Gingrich, billed for a Thursday session on messaging, seemed content with the current direction of his party. "We're in a period of remarkable choices. You have 24 states with a Republican governor and a Republican legislature. That is over 51 percent of the population," said the former House speaker. "You're going to see ideas trickle into Washington in the next couple of years in a way that is going to change the whole national debate."

The strategy for appealing to minorities - "African Americans, Asian Americans, Hispanics and women," according to one panel - was maintaining the same policies but explaining them in kinder ways.

Robin Hayes, the useless old ogre who chairs the North Carolina Republican Party, roamed the halls like a ghost, welcoming visitors while creepily introducing them to a tall, quiet man, who was either Hayes' master or a secretive "James Bond" villain.

The mysterious man was Timothy C. Daughtry, a radically conservative psychologist there to hock his book "Waking The Sleeping Giant: How Mainstream Americans Can Beat Liberals At Their Own Game." Hayes was caught in a "Manchurian Candidate"-type spell since he'd heard Daughtry speak a few months ago.

One of Daughtry's sessions, "Success in NC: A Blueprint for the Future," should have been an analysis of how Pat McCrory ascended to the governor's mansion. Instead, he gave a nasty PowerPoint presentation that attacked liberals, including the "social-justice liberal" in his Sunday-school class. "We mind our own business, while liberals live to manipulate and control others," he said.

His call for trench warfare sent some conservatives heading for the exit, one of them a woman whose proudest vote was cast for Barry Goldwater in 1964. Goldwater once said, "Extremism in the defense of liberty is no vice." He was also an environmentalist who supported gay rights before he died, beliefs guys like Daughtry would deem worthy of excommunication from the current GOP.

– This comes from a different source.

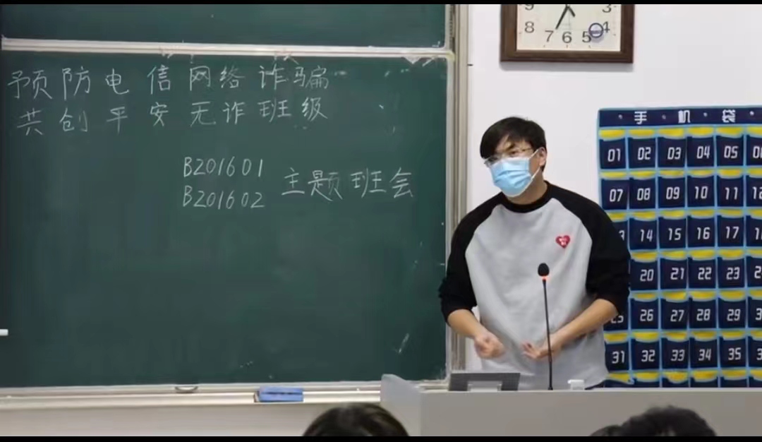 为提高同学们的安全防范意识,增强自我保护能力,进一步维护同学们的自身合法权益,2022年10月24日晚上六点三十,应用技术学院于锁金村教学楼604教室开展了以“预防电信网络诈骗,共创平安防诈班级”为主题的教育班会,本次班会由B201602班袁泽航同学主持,2020级信息工程专业全体同学参加。

Louisiana Gov. Bobby Jindal headlined a dinner, a chance for the prospective 2016 candidate to test the waters. His message was bold in some ways and general - ineffective - in others.

"After losing two presidential elections in a row, it is time for some candid and honest discussions in our party," said Jindal. "We've got to stop being the stupid party. We've got to stop dumbing down our ideas, and stop producing everything into mindless slogans."

Reince Priebus was easily re-elected as chairman of the party, with no other candidate nominated. In his victory speech, Priebus announced that the principles of his defeated party were sound. "We stand for opportunity and liberty. Freedom is always a new idea."

To his credit, the idea of freedom is not what is wrong with America. It's an ideal to aspire to, like freedom at the end of an underground railroad. Some slaves made it to freedom with conviction and the North Star. It took a Republican president and the full force of the federal government to free the rest. And, Lincoln had to institute the first income tax to finance the war that made freedom for millions possible.

The modern GOP is an Alamo of dying voters, who have no interest in the future. As a result, we're 13 years into the 21st century and the Republican Party still has no serious positions on the issues that will define our era, such as climate change. They can still be the party of small government, lower taxes, strong national defense, balanced budgets and fiscal conservatism. But they have to accept that they can't renounce science or keep consenting adults from marrying the people they love.

"We've got to stop looking backwards," Jindal said. "We've got to start showing what the future looks like."

A century ago, politicians were arguing over Prohibition and tariffs. Times change. Hopefully the GOP will change, too, and maybe even make it back into the White House. That journey did not begin in Charlotte.